According to the Xinhua News Agency, Wang Zhimin has been replaced as director of Beijing’s liaison office for Hong Kong by Luo Huining, the Communist Party secretary for the northern province of Shanxi.
Zhimin sacking follows months of pro-democracy protests in Hong Kong.
Carrie Lam, the chief executive of Hong Kong, however, remains in office with the support of Beijing’s leadership.
Lam is the chief proponent of a bill that initially set off mass protests in March 2019.
The bill would have seen fugitives being extradited from Hong Kong to mainland China.

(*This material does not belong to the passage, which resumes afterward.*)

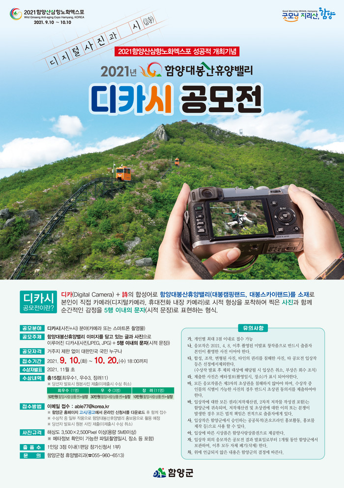 ‘디카시’란 디지털카메라와 시(詩)의 합성어로 창작자 본인이 촬영한 사진에 시를 덧붙인 창작물로 대봉산휴양밸리(대봉스카이랜드, 대봉캠핑랜드)의 자연이나 사물을 직접 카메라에 담고, 그 속에 담긴 의미를 창작시를 덧붙여 제출하면 된다.

Protesters, however, expressed fear that the act would allow for unfair treatment to prisoners taken from Hong Kong.
Representatives from several countries have called on Lam to “seek genuine ways forward out of this crisis by addressing the grievances of Hong Kong people.”
Diplomatic negotiations with China resulted in the 1984 Sino-British Joint Declaration in which the United Kingdom agreed to transfer the colony in 1997 and China would guarantee Hong Kong’s economic and political systems for 50 years after the transfer.
The impending transfer triggered a wave of mass emigration as residents feared an erosion of civil rights, the rule of law, and quality of life.
Over half a million people left the territory during the peak migration period, from 1987 to 1996.
Hong Kong was transferred to China on 1 July 1997, after 156 years of British rule.